▶ **TASK ITEM**
With every picture left out, give the data below back exactly.

▶ **DATA SUPPLIED**
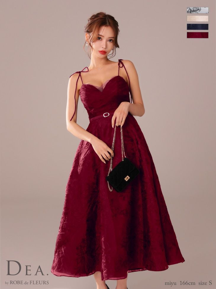 キャバドレス ロングドレス DEA.byROBEdeFLEURS ディアバイローブドフルール 高級キャミソールウエストベルト花柄刺繍オーガンジーチュールAラインロングドレス
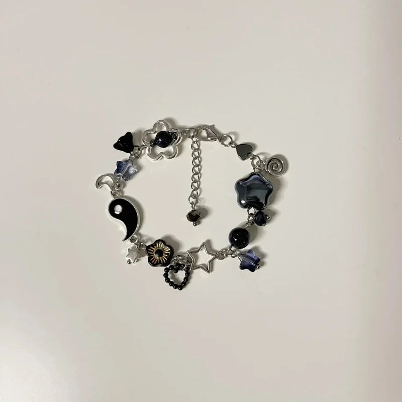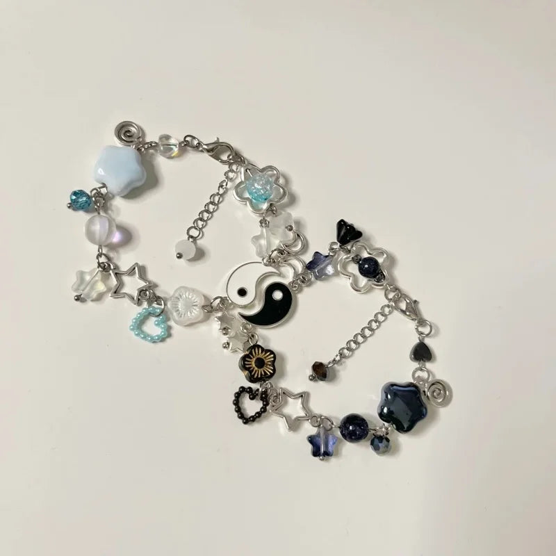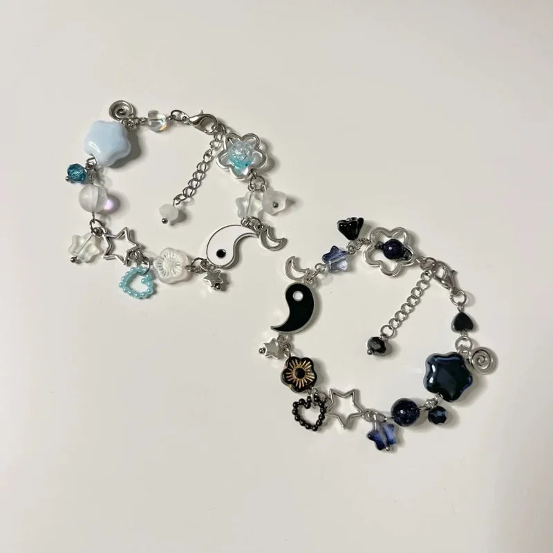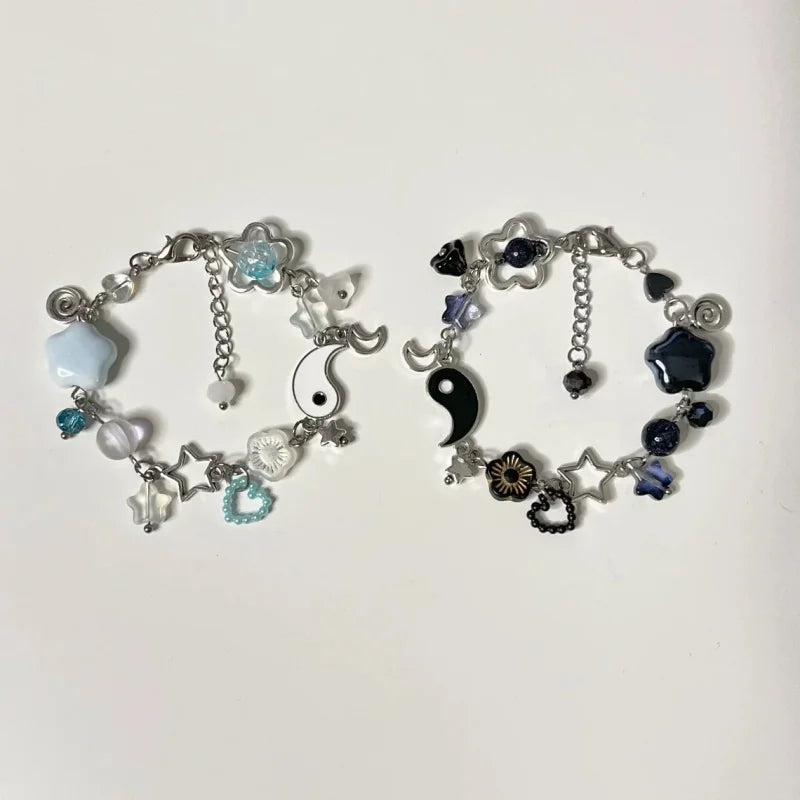 Black and white/light blue charm bracelets inspired by SatoSugu with matching Yin and Yang charms (not magnetic).
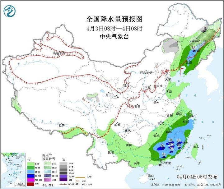 清明假期(4月4日至6日)即将开启,预计假日期间北方多大风天气,阵风风力可达6~8级,局地9~10级;南方多阴雨,5日至6日江南南部和华南有强降雨和强对流天气过程,广东东北部、福建西南部等地累计雨量150~200毫米,局地并伴有8~10级雷暴大风和冰雹等强对流天气。
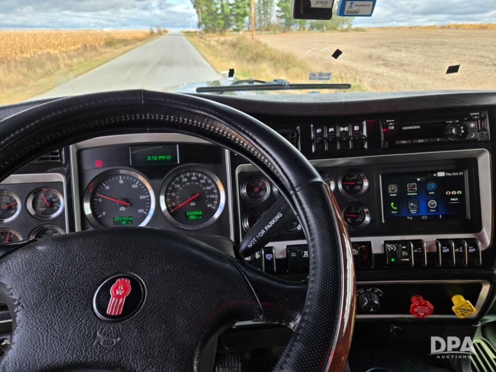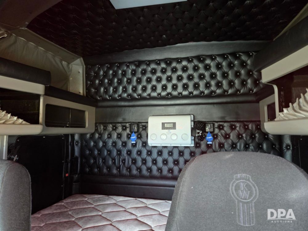 2019 Kenworth W900 Sleeper Truck (PD5442), Cummins X-15 engine, 500 hp, 13 speed transmission, tandem axle, air ride suspension, dual chrome stacks, dual stainless steel air breathers, air slide 5th wheel, engine brake, dump valve, half fenders, disk brakes, full locking rear ends, dual aluminum fuel tanks, 120 gallon LH tank, 90 gallon RH tank, ExoAir Auxiliary Sleeper A/C system, am/FM radio, Espar bunk heater, refrigerator, 272 inch wheelbase, touch screen information center, 593,967 miles.
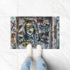 Graffiti, arte urbano callejero colorido doormat interior al aire libre. Moderno, fresco, moderno, pintado diseño de pared de ladrillo de la ciudad decoración casera. Derechos de imagen de Marg Seregelyi Photography.
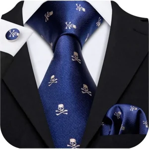 Kit Gravata Executiva Caveira Seda Azul + Lenço Abotoaduras
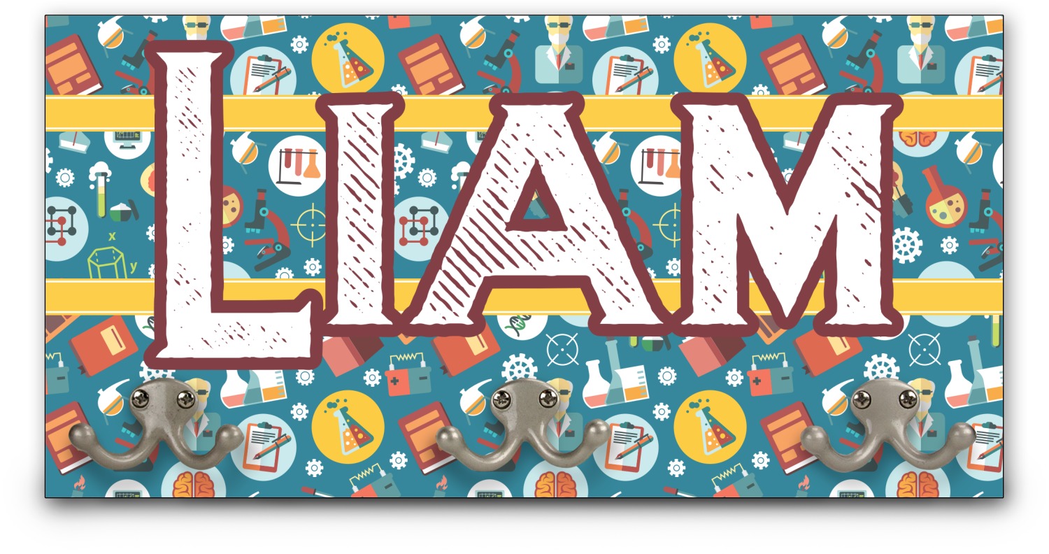 This coat rack is the perfect way to add some personality to your wall or entryway. The board is made of a strong maple that is approximately 16" x 8". The three 2-prong hooks are a sturdy metal that have three screws attaching them to the board. Your design is printed right onto the front of the board while the back and sides are a simple black.

▶ **EXPECTED ANSWER**
 キャバドレス ロングドレス DEA.byROBEdeFLEURS ディアバイローブドフルール 高級キャミソールウエストベルト花柄刺繍オーガンジーチュールAラインロングドレス
 Black and white/light blue charm bracelets inspired by SatoSugu with matching Yin and Yang charms (not magnetic).
 清明假期(4月4日至6日)即将开启,预计假日期间北方多大风天气,阵风风力可达6~8级,局地9~10级;南方多阴雨,5日至6日江南南部和华南有强降雨和强对流天气过程,广东东北部、福建西南部等地累计雨量150~200毫米,局地并伴有8~10级雷暴大风和冰雹等强对流天气。
 2019 Kenworth W900 Sleeper Truck (PD5442), Cummins X-15 engine, 500 hp, 13 speed transmission, tandem axle, air ride suspension, dual chrome stacks, dual stainless steel air breathers, air slide 5th wheel, engine brake, dump valve, half fenders, disk brakes, full locking rear ends, dual aluminum fuel tanks, 120 gallon LH tank, 90 gallon RH tank, ExoAir Auxiliary Sleeper A/C system, am/FM radio, Espar bunk heater, refrigerator, 272 inch wheelbase, touch screen information center, 593,967 miles.
 Graffiti, arte urbano callejero colorido doormat interior al aire libre. Moderno, fresco, moderno, pintado diseño de pared de ladrillo de la ciudad decoración casera. Derechos de imagen de Marg Seregelyi Photography.
 Kit Gravata Executiva Caveira Seda Azul + Lenço Abotoaduras
 This coat rack is the perfect way to add some personality to your wall or entryway. The board is made of a strong maple that is approximately 16" x 8". The three 2-prong hooks are a sturdy metal that have three screws attaching them to the board. Your design is printed right onto the front of the board while the back and sides are a simple black.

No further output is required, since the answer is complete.